I nodded agreement, and waited for her to initiate further conversation. She didn’t.

‘Nice part of the country, here,’ I offered eventually. ‘Very peaceful.’ I forced a light laugh. ‘Makes a pleasant change to get away from London traffic.’

She inclined her head.

‘Had quite a good run down,’ I suggested. I prattled on about the time it had taken me, the weather …

I tried a different tack. ‘I’m sorry,’ I said. ‘About my father’s death, I mean.’

This time she did comment. ‘So I should imagine.’

I stared at her. ‘What I meant was …’

‘Yes?’

Confusion stoked animosity. ‘I meant you must miss him.’ It came out angrily, attempts at civility swept aside.

There was a flicker of something indefinable at the corners of her mouth. Eventually she said, as though having considered the matter, ‘Yes, I miss him.’

‘I suppose –’ I managed to soften again as the thought struck me – ‘I suppose we might have invited you to the funeral.’

‘I came anyway.’

I felt my eyebrows shoot up. But then I hadn’t really been aware of anyone but family among the congregation, and I wouldn’t have known who half of them were anyway. I could hardly have been expected to notice a stranger – Flora – in their midst. And maybe, in any case, she’d slipped out before we turned to leave. Must have done, or surely she’d have recognised me more quickly when I arrived.

‘Tell me –’ Flora changed the subject abruptly – ‘why have you come?’

It wasn’t a question I was expecting. I twisted my mind back. ‘My father asked me to.’ I nodded towards the books. Then defensively, pushed into elaboration by a lack of response, ‘One doesn’t refuse a dying wish.’

‘Oh, no.
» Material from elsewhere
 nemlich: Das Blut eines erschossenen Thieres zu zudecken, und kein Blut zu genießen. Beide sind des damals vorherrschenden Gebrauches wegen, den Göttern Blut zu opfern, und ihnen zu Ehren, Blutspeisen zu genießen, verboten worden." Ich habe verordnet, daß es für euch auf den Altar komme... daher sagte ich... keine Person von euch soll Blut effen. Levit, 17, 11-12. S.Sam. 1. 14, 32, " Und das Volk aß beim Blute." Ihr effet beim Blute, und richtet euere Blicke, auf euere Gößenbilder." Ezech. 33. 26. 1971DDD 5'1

One doesn’t, does one.’ Flora’s tone was bland. She leaned back, that considering look on her face again. Then: ‘Was that the only reason?’ The question, though mildly put, felt nonetheless to prise into me.
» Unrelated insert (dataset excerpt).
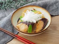 落とし蓋を取り、3分ほど中火で煮つめて完成です。皿に盛り、お好みでしょうがの千切りを添えて召し上がれ。
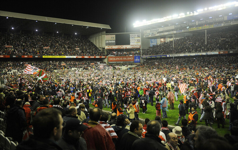 23度の国王杯を優勝を誇るアスレティック・ビルバオは、第2戦前半の45分間だけで3点を奪い、決勝進出を果たした。5月13日にバレンシア(Valencia)のメスタージャ・スタジアム(Mestalla stadium)で行われる決勝戦でアスレティック・ビルバオは、1983-84シーズンの同大会決勝で勝利したFCバルセロナ(FC Barcelona)と対戦する。(c)AFP

The hurt of years surged suddenly in a wave of hatred. How dare she interrogate me! With great control, I rose from my seat, placed the coffee cup carefully beside the photograph of my father and looked her squarely in the eye. ‘Of course. What other reason could there be? Thank you for the coffee. I must be on my way.’ It was, I prided myself, a dignified little speech. I reached for my bag.

‘Sit down.’ Again quietly said; but, given the discomposing effect she was having on me, she might as well have delivered a karate chop to the back of my knees.

I sank back on to the cushions.

Taking her time, she asked casually, ‘Do you always run away from the truth?’

‘I beg your pardon?’

She repeated the query.

‘I don’t know what you mean.’

‘Then maybe –’ there was the faintest lift of an eyebrow – ‘you have a thing or two to learn.’

‘But not from you!’ The retort, satisfyingly, seemed to fire itself without any conscious effort on my part.

Flora’s expression didn’t change, and my momentary sense of triumph evaporated as I felt caught up in a childhood game of ‘stare as stare can’. I yielded and looked away.

‘I really must go.’ But the words sounded petulant.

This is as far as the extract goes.